We are all aware of and concerned about the steady erosion of our civil rights at the hands of ever overreaching Federal government. It is a topic that brought many of us to this blog and a topic that draws more audience every day. The latest victim of tyranny is the 4th Amendment. The 4th Amendment to the U.S. Constitution reads:

The right of the people to be secure in their persons, houses, papers, and effects, against unreasonable searches and seizures, shall not be violated, and no warrants shall issue, but upon probable cause, supported by oath or affirmation, and particularly describing the place to be searched, and the persons or things to be seized.”

Seems pretty straight forward.  However, the DHS has apparently decided to void the Constitution if you live within 100 miles of the U.S. border. Your electronics may be seized and your data searched if you live or are travelling within 100 miles of the border. This is not a new story. This policy has been known since 2008.  From the beginning there were calls for Congress to reign in the overreach of the the Department for Reich, er, Homeland Security that went unheeded. Most of the calls were for residential traveller exemptions. However, there are new developments. This draconian policy, neglected by Congress, has been unilaterally declared just fine and dandy by the DHS itself in yet another example of the Executive unilaterally claiming unconstitutional powers over citizens with their only check being their own rubber stamp. This policy not only vitiates the 4th Amendment, but has implications for the 1st and 14th as well.

 

To get an idea of the scope of this “Constitution-free Zone”, consider this map:

ACLUbordermap

 

Consider too that fully two-thirds (2/3)  of the United States’ population lives within this Constitution-free Zone.   That’s 197.4 million people, including everyone in Hawaii. And Florida, Rhode Island, Maryland, Connecticut, New Jersey, Massachusetts, Maine, New Hampshire and Michigan. Aloha!

Regarding the 4th Amendment concerns, the DHS (in their superficial two page memo) declared that “We also conclude that imposing a requirement that officers have reasonable suspicion in order to conduct a border search of an electronic device would be operationally harmful without concomitant civil rights/civil liberties benefits.”  Yeah, who needs those pesky Constitutional protections when they interfere with the DHS doing whatever they want to mind your business. What is perhaps most troubling about this memo is its superficial nature. That conclusion quoted above? Is the entire breadth and depth of their analysis in justification of this policy. It is the legal equivalent of “because we said so.”

Their stunning hubris and lack of substantive rational also stretched to the 1st Amendment:

Some critics argue that a heightened level of suspicion should be required before officers searchlaptop computers in order to avoid chilling First Amendment rights. However, we conclude thatthe laptop border searches allowed under the ICE and CBP Directives do not violate travelers’First Amendment rights.” – That is their entire analysis, by the way.

The 14th Amendment does manage to garner more attention than either the 1st or 4th though:

The Constitution forbids intentional and invidious discrimination by the federal government on account of race, religion, or ethnicity.

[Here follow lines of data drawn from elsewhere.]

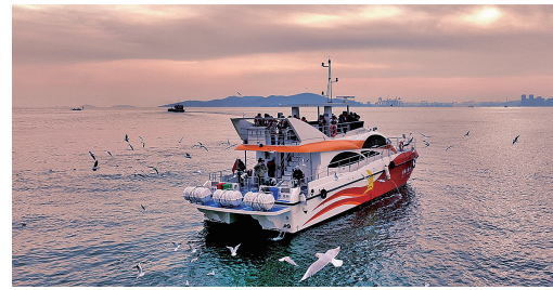
欢快的鸥群环绕着海上游船飞翔，好似与甲板上的游客“捉迷藏”。
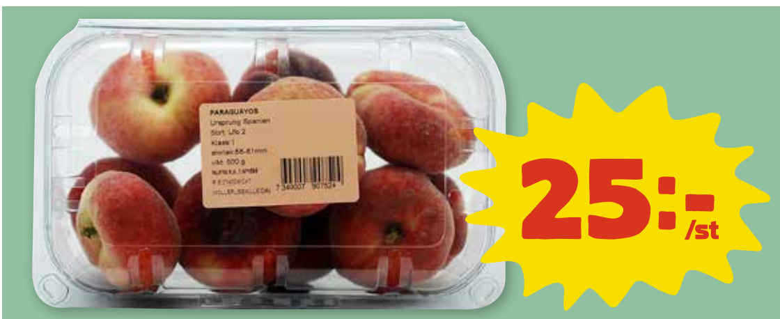
Paraguayos i ask Spanien. Klass 1. 500 g. Jfr-pris 50:-/kg.

Vår färskvarugaranti: Dubbla pengarna tillbaka om du inte är helt nöjd. Ta med varan och kvittot till din butik.
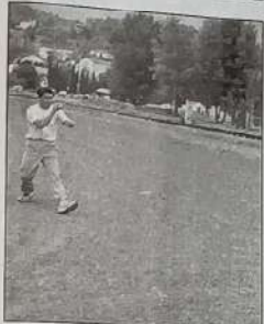
Echauffement en solitaire avant la prochaine partie.

Hier, tout le monde n'avait d'yeux que pour les dizaines de parties s'enchaînant tout au long de la journée. Mais les à côtés d'un tel événement méritent pourtant un brin d'attention : nombreuses sont les opportunités d'aborder les joueurs entre deux matchs. Certains vont même jusqu'à s'isoler pour s'échauffer, seuls, avant de rejoindre leur coéquipier. L'individualisme au service du collectif.
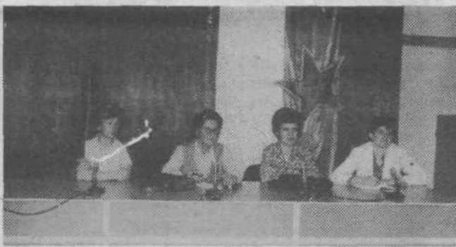
Delovno predsedstvo ustanovnega društva ljubiteljev ročnih del
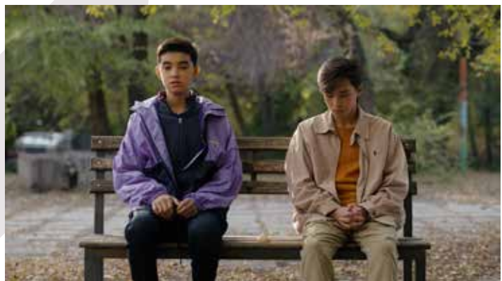
Captură ecran Chicken

Este mai mult o rutină neobișnuită decât ceva ce face conștient că ar produce orice fel de schimbare.
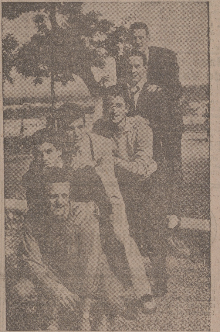
Un grupo de jugadores con la satisfacción propia de la primera foto de la temporada.

La armonía entre jugadores y directivos y de todos con el entrenador, señor Miró, hablaba por sí sola de un futuro esperanzador en la vida del Real Valladolid en las próximas campañas. Toda esa euforia de nervios, zancadillas, envidias y malas intenciones que los aficionados pretenden ver a veces durante la temporada en las relaciones de cuantos integran la familia
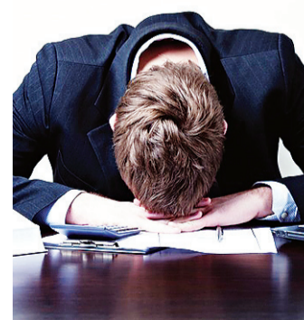
▶ Economia em retrocesso

A previsão para o crescimento global não sofreu alterações e está fixada em 3,5% para 2015 e 3,8% para 2016. Os números sobre pers-
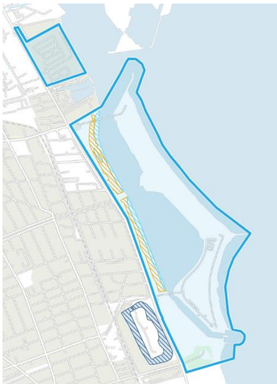
Fig. 1: § 3-kort fra Danmarks Arealinformation. Fredningsgrænsen for Amager Strandpark er angivet med blå streg. Naturtyperne strandeng (lyseblå skravering) og overdrev (orange skravering). Sø omkring Kastrup Fort (mørkeblå skravering) er udenfor fredningsgrænsen.

Ved Kastrup Fortet findes en søbeskyttelseslinje og fortidsmindebeskyttelseslinje, der rækker ind i planområdet, nærmere bestemt delområde 1b og 3a (se fig. 2). Indenfor begge beskyttelseslinjer er der et generelt forbud mod tilstandsændringer, men dette tillæg til udviklingsplanen for Amager Strandpark muliggør brugen af afbrænding uden forudgående dispensation fra disse, jf. fredningens § 11. Skal afbrænding foretages på de § 3 udpegede områder, skal der søges om dispensation til dette, jf. Naturbeskyttelsesloven.
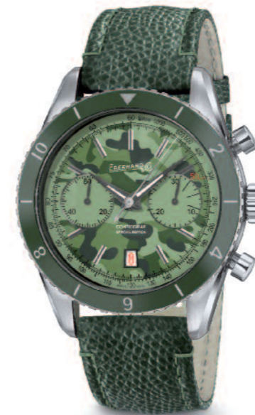
Eberhard & Co, Contograf Special Edition

Accordingly, we recommended that CBP supplement the Department’s overarching antidiscrimination policy by stating explicitly in policy that it is generally impermissible for officers to discriminate against travelers—including by singling them out for specially rigorous searching because of their actual or perceived race, religion, or ethnicity, and that officers may use race, religion, or ethnicity as a factor in conducting discretionary device searches only when (a) the search is based on information (such as a suspect description) specific to an incident, suspect, or ongoing criminal activity, or (b) limited to situations in which Component leadership has found such consideration temporarily necessary based on their assessment of intelligence information and risk, because alternatives do not meet security needs. CBP agreed and this change has been implemented.

In addition, we recommended that CBP improve monitoring of the distribution of electronic device searching by race and ethnicity by conducting routine analysis, including semi-annual examination of electronic device searches by port of entry. After controlling for known relevant and permissible factors, such as port traveler demographics, and inclusion in watchlists, lookouts, and targeting rules, the analysis should assess whether travelers of any particular ethnicity—estimated using document information and name analysis—at any port of entry are being chosen for electronic device searches in substantial disproportion to that ethnicity’s portion of all travelers through the port. Data and results should be shared with CRCL. This recommendation is being implemented on an ongoing basis.
As part of conducting the impact assessment, we reviewed data on all non-watchlist-related device searches in FY2009 and FY2010 (Oct. 1, 2008–Sept. 30, 2010); we did not find evidence that searches were prompted by the ethnicity of travelers. If from future analysis of data it appears that electronic device searching in any port has a substantial unexplained skew towards travelers of one or more ethnicity, we have recommended that CBP work with CRCL on developing appropriate oversight mechanisms; subsequent steps generally should include a requirement of supervisory approval for searches (absent exigent circumstances) or enhanced training, and may include other responses to ensure that such concentration is not the result of bias or other inappropriate decision-making. CBP has agreed.” [emphasis added]

I feel so much better knowing that they aren’t discriminating indiscriminately when violating the Constitutional rights of citizens unless their “component” leadership decides it is otherwise necessary. I also love that they capitalized the word “component” in the memo. It instils the greatest faith that their components are probably incompetent.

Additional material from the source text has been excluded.